Protection of Xanthomonas against arsenic toxicity involves the peroxide-sensing transcription regulator OxyR.

Arsenic has been shown to mediate its toxicity through induced generation of reactive oxygen species. Here, we examined the role of oxidative stress-inducible genes (katA, ahpC and ohr) and their regulators (oxyR and ohrR) in the response to arsenic treatment in a plant pathogenic bacterium, Xanthomonas campestris pv. phaseoli (Xp). Overproduction of peroxide-scavenging enzymes (KatA, AhpCF and Ohr) did not enhance arsenic tolerance in wild-type Xp. Furthermore, inactivation of katA, ahpC, ohr, and ohrR genes had no effect on the level of arsenic resistance. By contrast, an oxyR mutant (Xp oxyR) showed increased sensitivity to both pentavalent arsenate and, to a greater extent, trivalent arsenite. The resistance of cells to arsenite treatment was significantly affected by the level of iron. Cells were 10-fold more sensitive to arsenite killing in the presence of excess iron, while removal of iron by an iron chelator (2,2'-dipyridyl) protected Xanthomonas from arsenite toxicity.
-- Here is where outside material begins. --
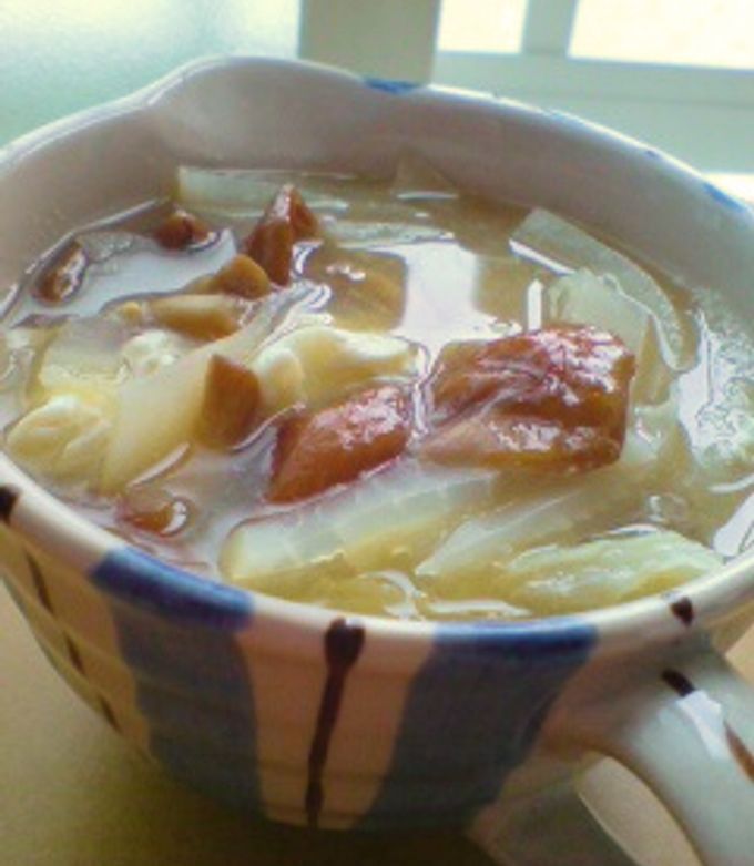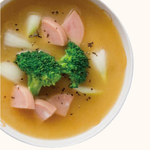 とろとろ丸ごと玉ねぎとシャウエッセンのみそ汁。
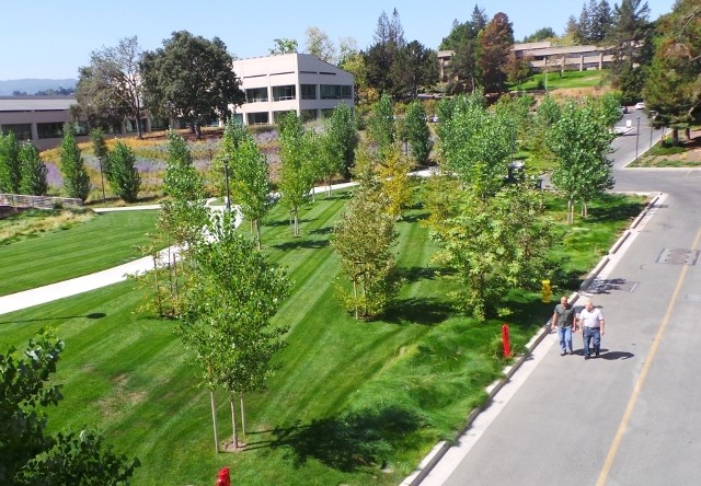 Bangunan-bangunannya rata-rata hanya beberapa tingkat, bukan berupa gedung-gedung tinggi dan terpisah pisah satu sama lain, di antara padang rumput dan berbagai jenis pohon. Di beberapa tempat, disediakan kursi untuk sekadar melepas lelah atau berinteraksi antara para karyawan.

The arsenite-sensitive phenotype of Xp oxyR could be complemented by the expression of functional OxyR from a plasmid vector, but not by the expression of other known OxyR-regulated peroxide-scavenging enzymes such as KatA and AhpCF, Ohr and OhrR. The data suggested that as yet unidentified, OxyR-regulated gene(s) are involved in conferring arsenic resistance in Xp. To our knowledge, this is the first report showing that the peroxide-sensing regulator OxyR is involved in arsenic resistance.